The QEMU hypervisor contains a driver for working with Ceph and provides virtual machines with access to RBD block devices. Therefore, Ceph is now supported in all popular cloud orchestration solutions - OpenStack, CloudStack, ProxMox. RBD is also ready for industrial use.

Abstraction of a POSIX-compatible file system

CephFS is a POSIX-compatible file system that uses Ceph as storage. Despite the fact that CephFS is not production-ready and does not yet have a significant industrial application, here on Habré there is already an instruction for setting it up .

Terminology

Below are the main entities of Ceph.

Metadata server (MDS) is an auxiliary daemon to ensure the synchronous state of files at CephFS mount points. The active copy + reserves scheme works, and there is only one active copy within the cluster.

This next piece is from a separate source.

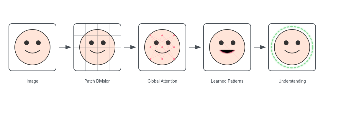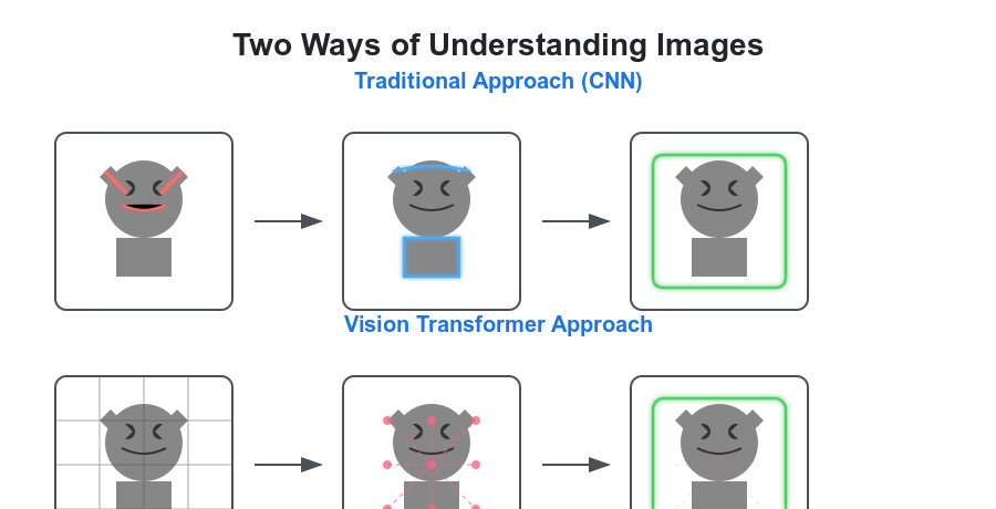 This approach marked a significant departure from the CNN-dominated paradigm that had defined computer vision for nearly a decade. While CNNs excel at capturing local patterns through their hierarchical structure of convolutions and pooling, ViTs offered a fundamentally different way of understanding images - one based on global relationships and attention mechanisms.

Mon (Monitor) is an element of Ceph infrastructure that provides data addressing within the cluster and stores information about the topology, state and distribution of data within the repository. A client wishing to access a rbd block device or a file on a mounted cephfs receives from the monitor the name and position of the rbd header, a special object that describes the position of other objects related to the requested abstraction (block device or file) and then communicates with all the OSDs involved in file storage.

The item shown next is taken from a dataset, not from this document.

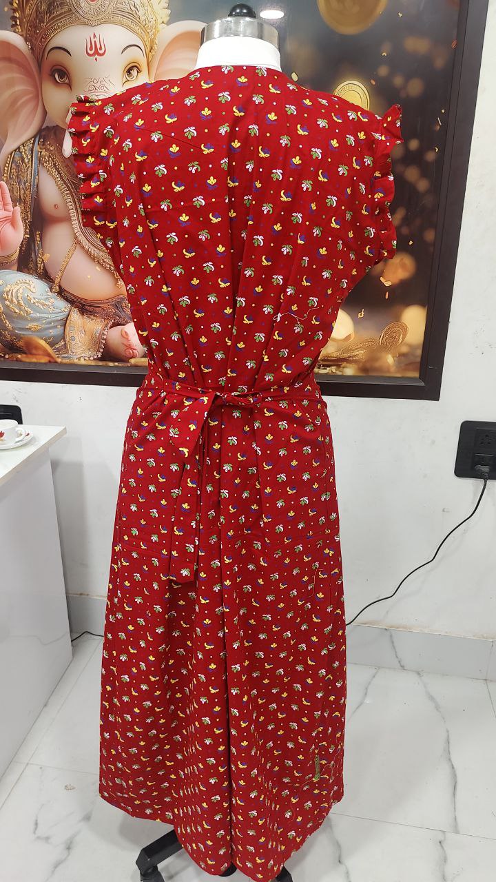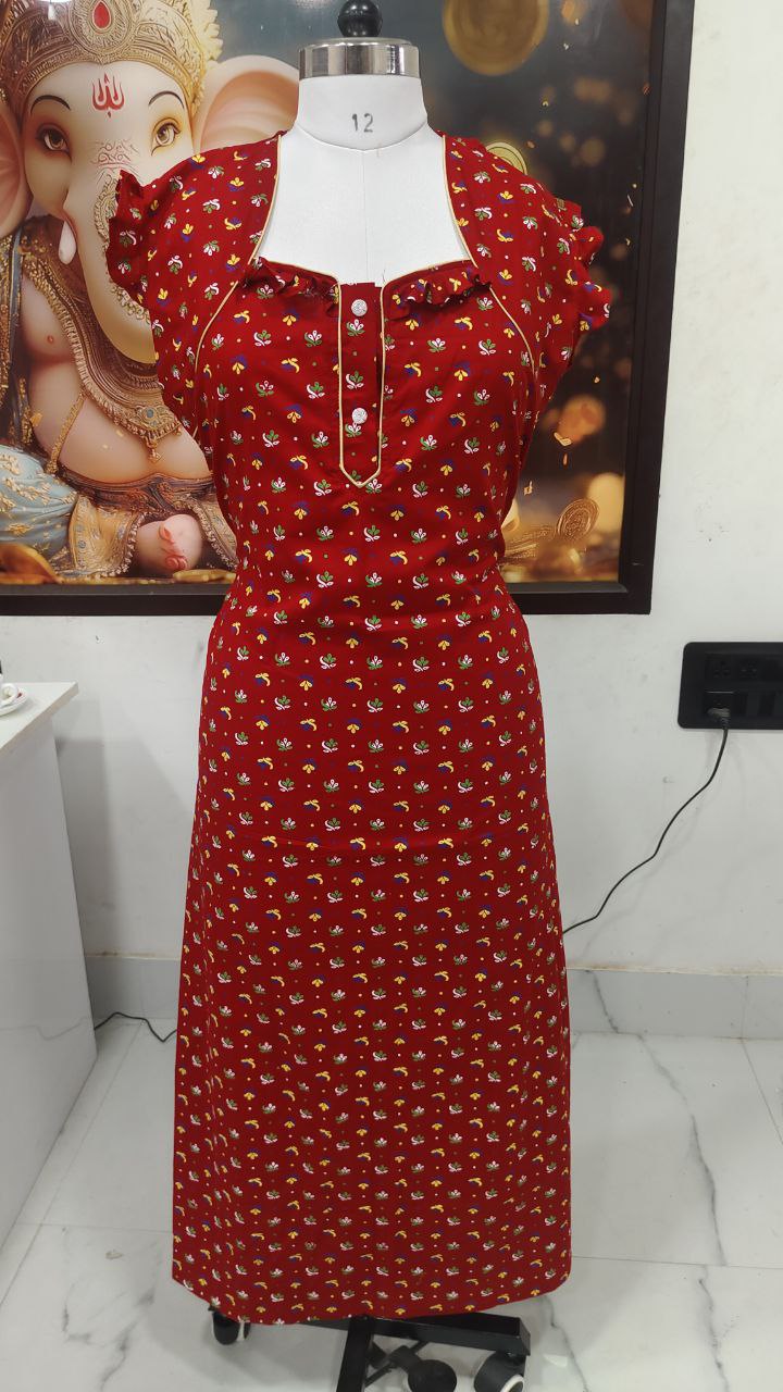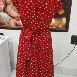 Stay cozy and stylish in this elegant Cotton Nighty in a vibrant pink color with blue floral prints. Tailored from soft, breathable cotton, it offers all-day comfort for lounging or sleeping. The frill cap sleeves and front buttons add a touch of charm to the classic design.

Object (Object) - a block of data of a fixed size (4 MB by default). All information stored in Ceph is quantized by such blocks. To avoid confusion, we emphasize that these are not user objects from Object Storage, but objects used for the internal presentation of data in Ceph.

OSD (object storage daemon) is an entity that is responsible for storing data, the main building block of a Ceph cluster. Multiple OSDs can be located on one physical server, each of which has a separate physical data storage.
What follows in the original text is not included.